MATERIAL PROVIDED:
◇ ◇ ◇ ◇ ◇
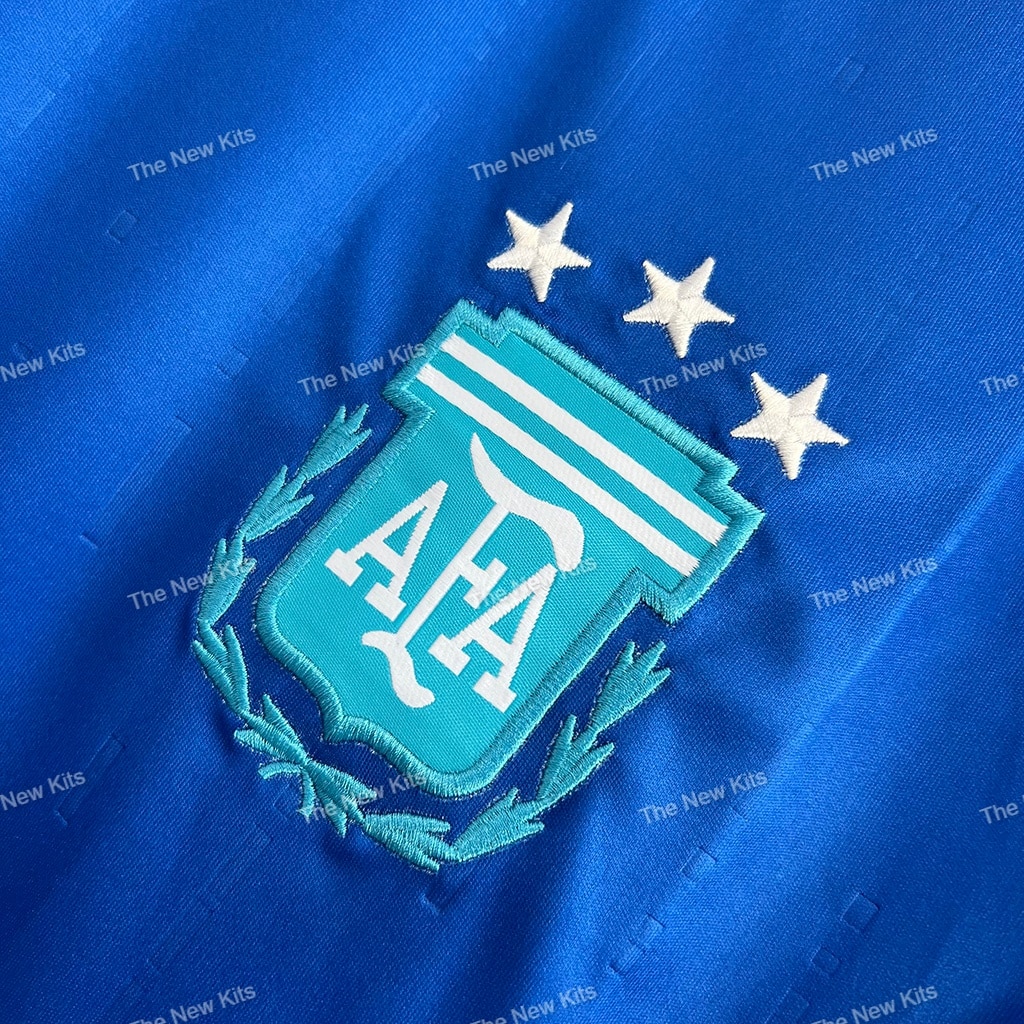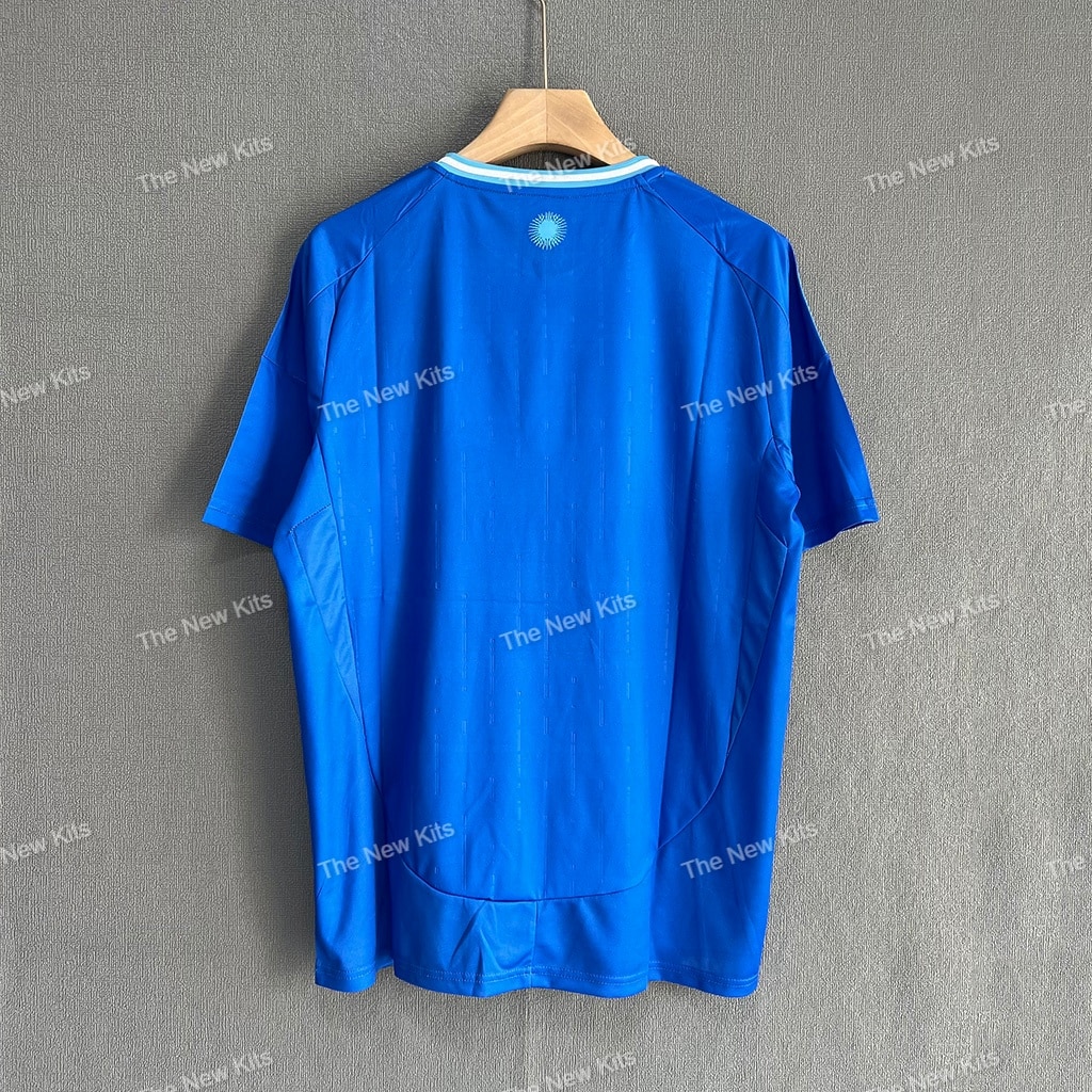 The Argentina away football kit features a bold royal blue base that recalls iconic designs from past decades, especially the 1990s. Sky blue and white accents run along the shoulders and sides, representing Argentina’s national colors. These subtle yet impactful details add depth to the kit, celebrating the Argentine flag’s colors.
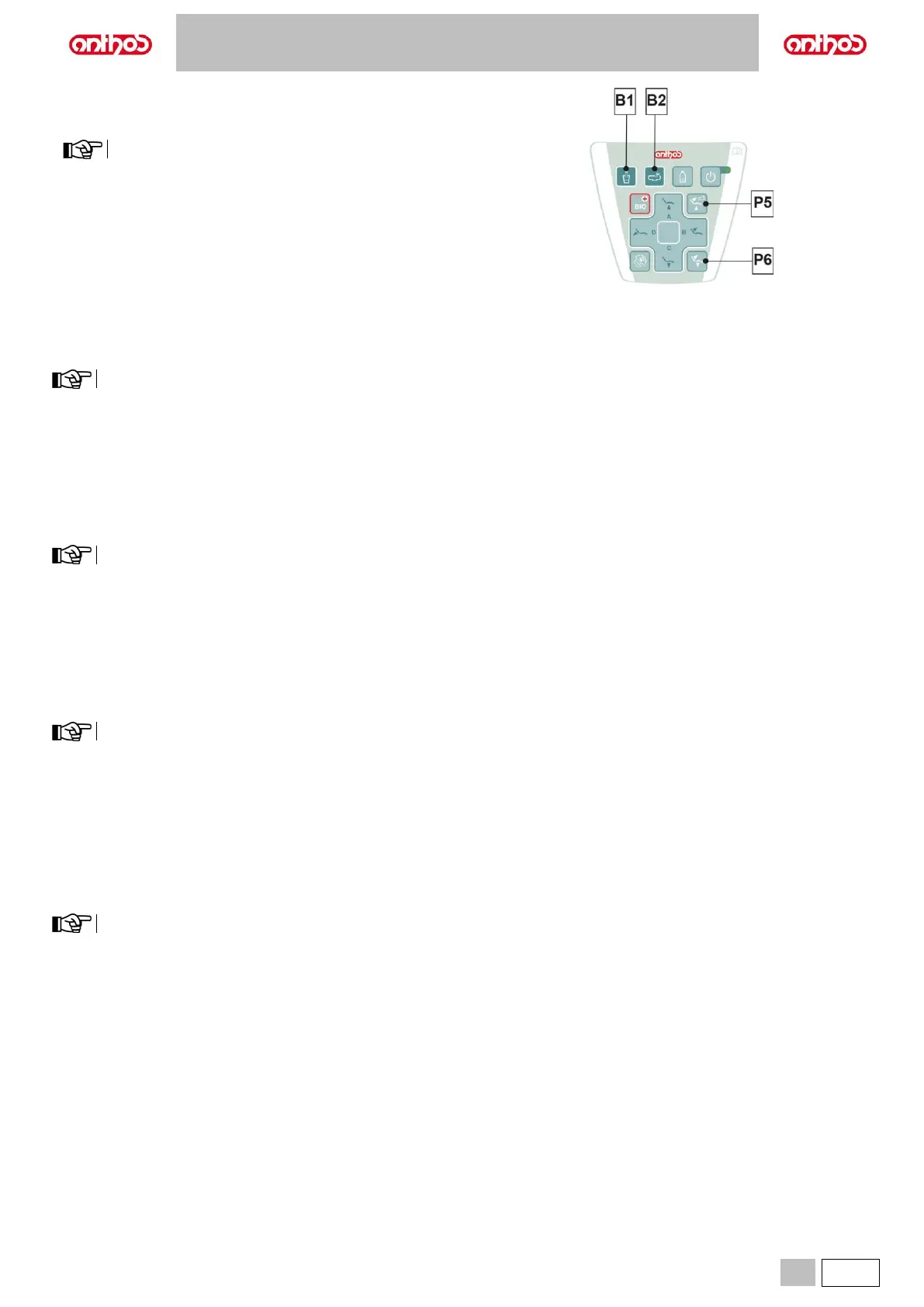 • Turn on the dental unit holding down the button (B1) on the assistant’s
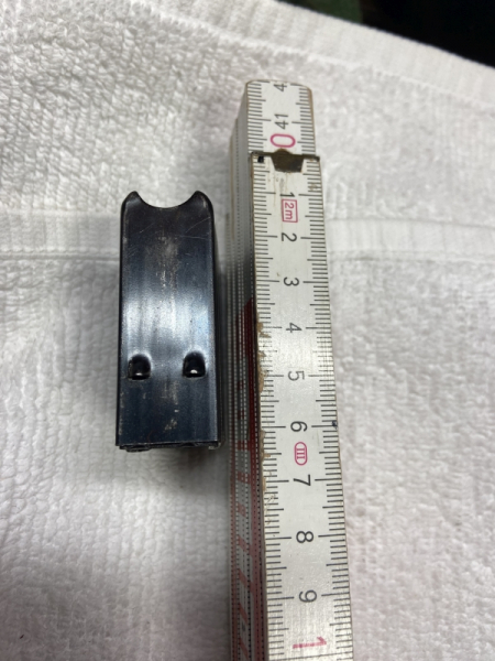 Kleines Magazin, Zustand siehe Bilder. Die Halterung sind deutlich erhaben, so dass der Sitz gut ist. Ich habe auch ein Magazin mit abgenutzter Halterung, das behalte ich.
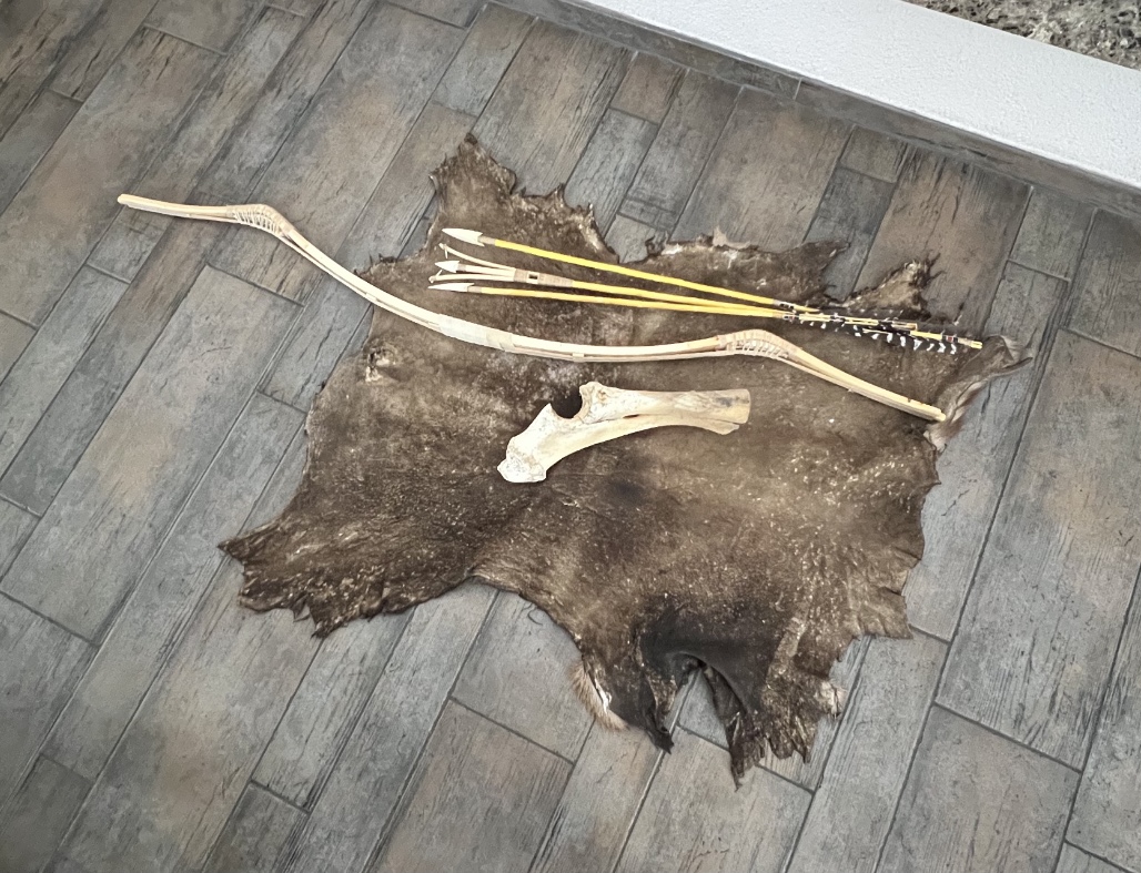 Heute noch ein altes vergammeltes Hirschleder in Form gebracht und Knochenreste veredelt. Der Wacholder bekommt einen Bogenköcher.
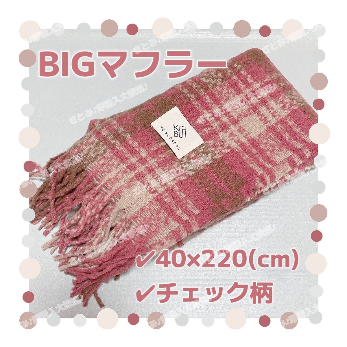 - チェック BIG マフラー 大判 羽織り ひざ掛け 秋冬 モヘアタッチ 大きめ 厚手 防寒 オシャレ 可愛い ピンク
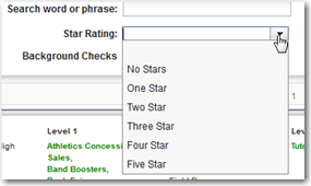 | The “Star Rating” will allow you to filter Volunteers based on the number of stars they have received for logging Volunteer time. This is particularly nice if you want to send an email to Volunteers based on their star rating. |
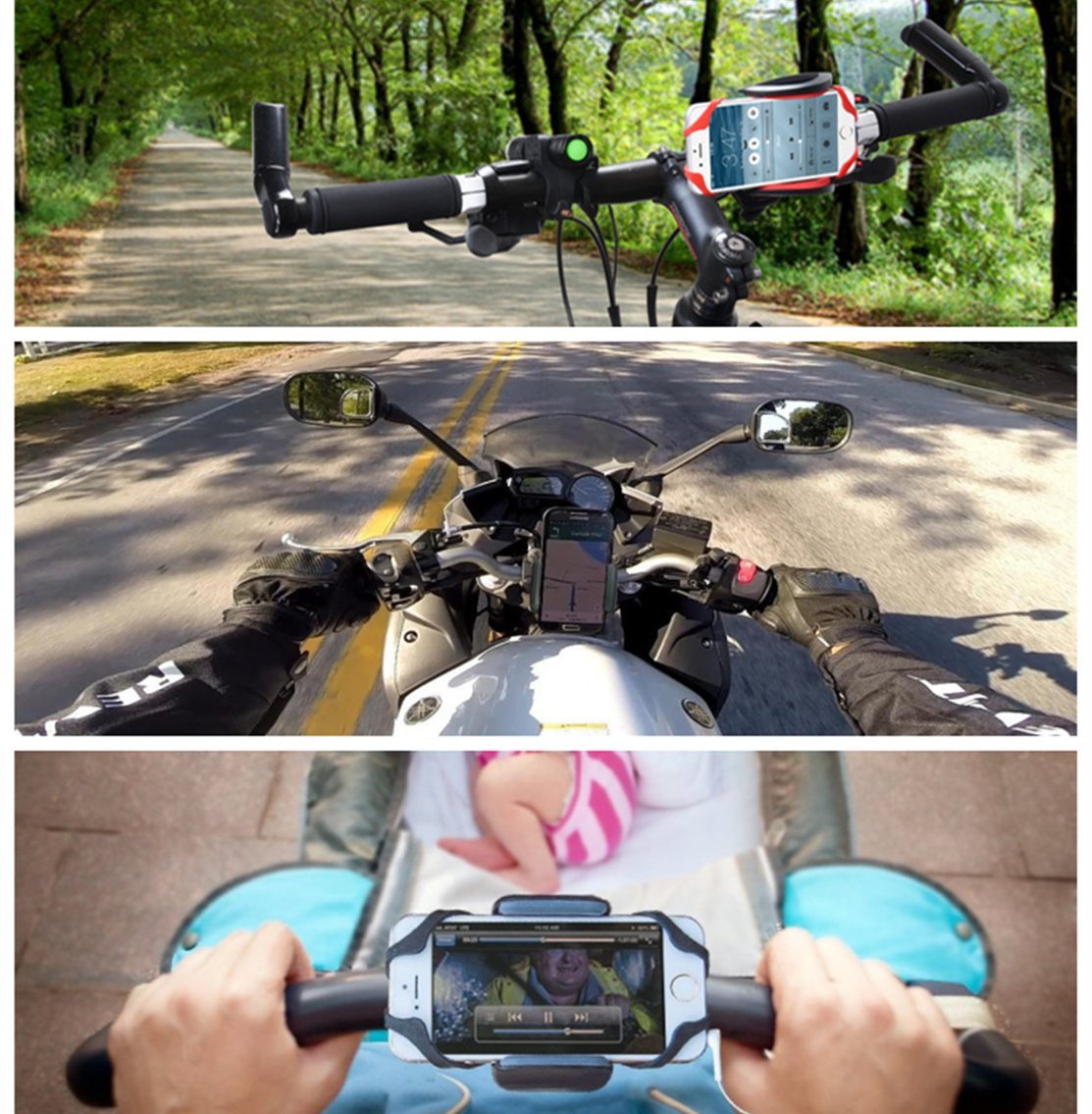In addition to bike and bicycle, baby stroller, silver car, running machine etc can be used.
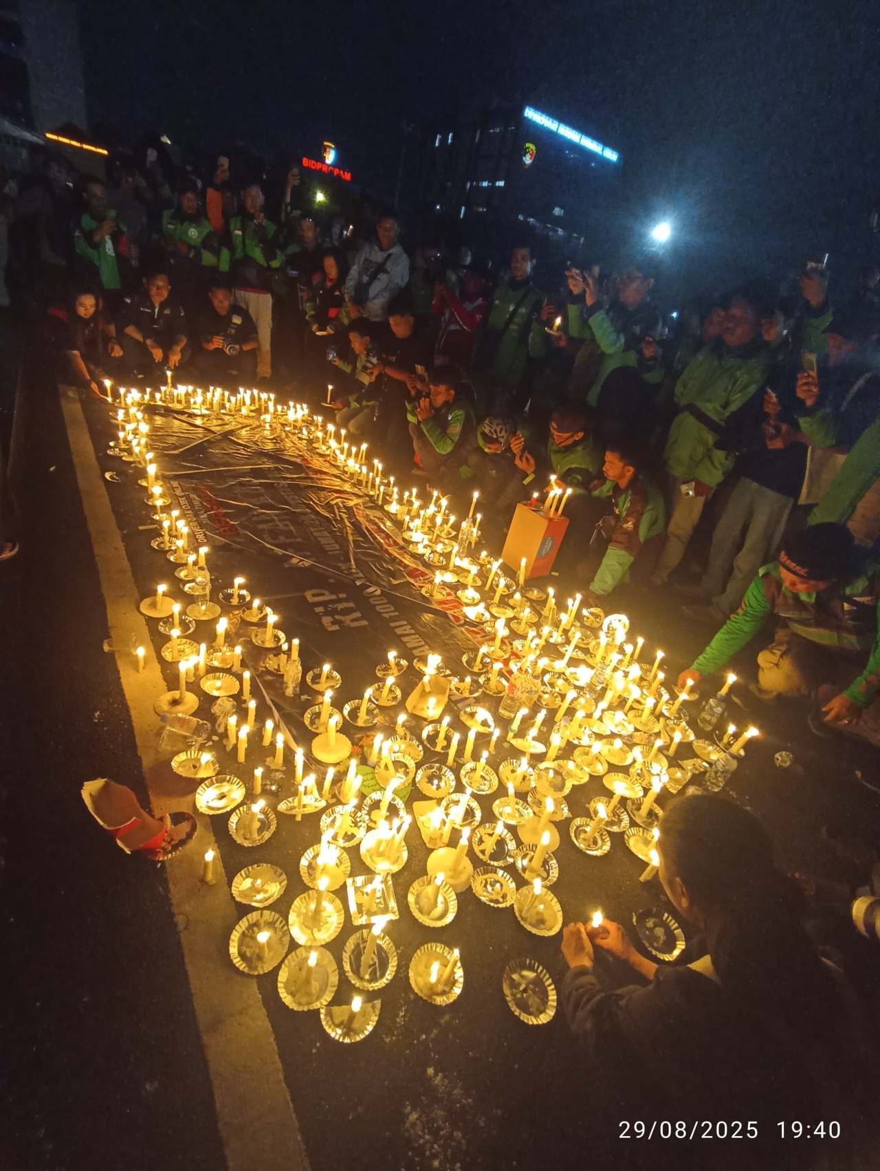 Selain melakukan doa bersama, para driver ojek online juga melakukan aksi menyalakan lilin dengan iringan lagu gugur bunga.
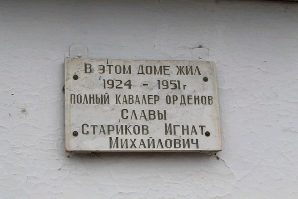 Стариков Игнат Михайлович - разведчик дивизионного разведывательного взвода 14-й гвардейской кавалерийской дивизии 7-го гвардейского кавалерийского корпуса 1-го Белорусского фронта, гвардии ефрейтор - на момент представления к награждению орденом Славы 1-й степени.
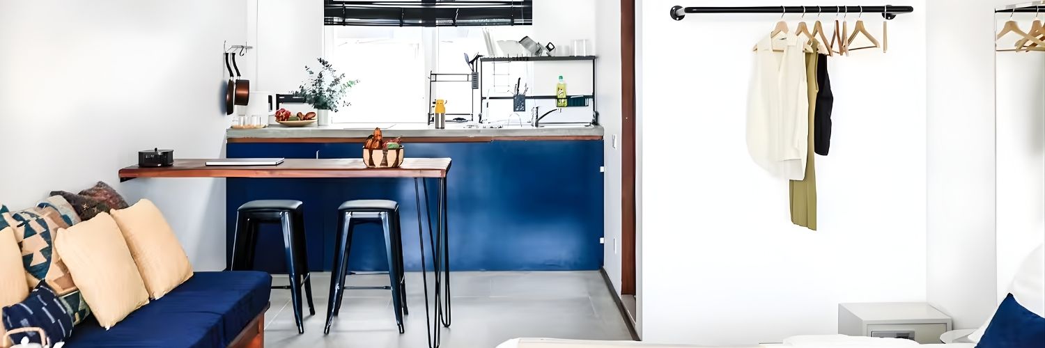 🛏️ Studio Apartment 🪑 Table for Working 🌬️ Air Conditioning 🚿 Private Bathroom 🍽️ Kitchenette 🛋️ Living Area 👗 Wardrobe Space 🏙️ City Location
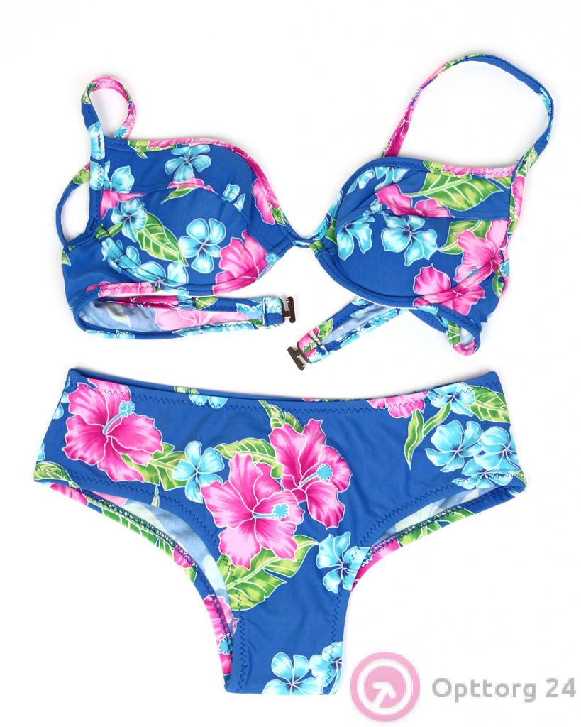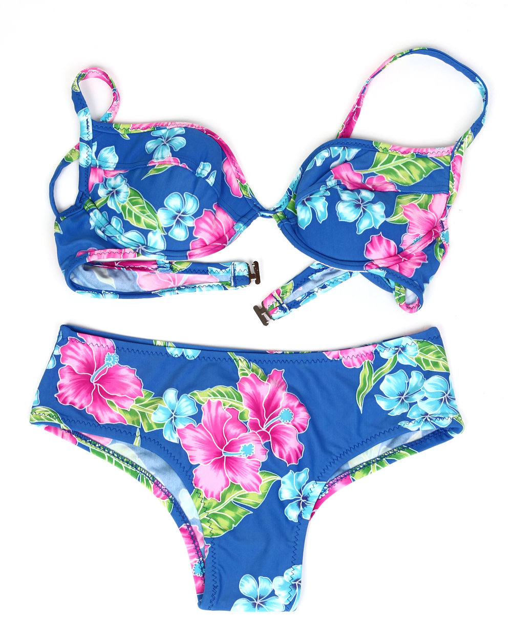 Насыщенный синий цвет этого купальника, декорированный крупными и контрастными цветами, невольно заставляет вспомнить жаркую Ямайку с их национальными цветочными костюмами.
◇ ◇ ◇ ◇ ◇
PROBLEM TO SOLVE:
The material above holds pictures; leave them out and set down exactly the lines from the line with "star rating. |" to the line with "Стариков Игнат Михайлович", both included.

RESULT OF THIS EXERCISE:
 | The “Star Rating” will allow you to filter Volunteers based on the number of stars they have received for logging Volunteer time. This is particularly nice if you want to send an email to Volunteers based on their star rating. |
In addition to bike and bicycle, baby stroller, silver car, running machine etc can be used.
 Selain melakukan doa bersama, para driver ojek online juga melakukan aksi menyalakan lilin dengan iringan lagu gugur bunga.
 Стариков Игнат Михайлович - разведчик дивизионного разведывательного взвода 14-й гвардейской кавалерийской дивизии 7-го гвардейского кавалерийского корпуса 1-го Белорусского фронта, гвардии ефрейтор - на момент представления к награждению орденом Славы 1-й степени.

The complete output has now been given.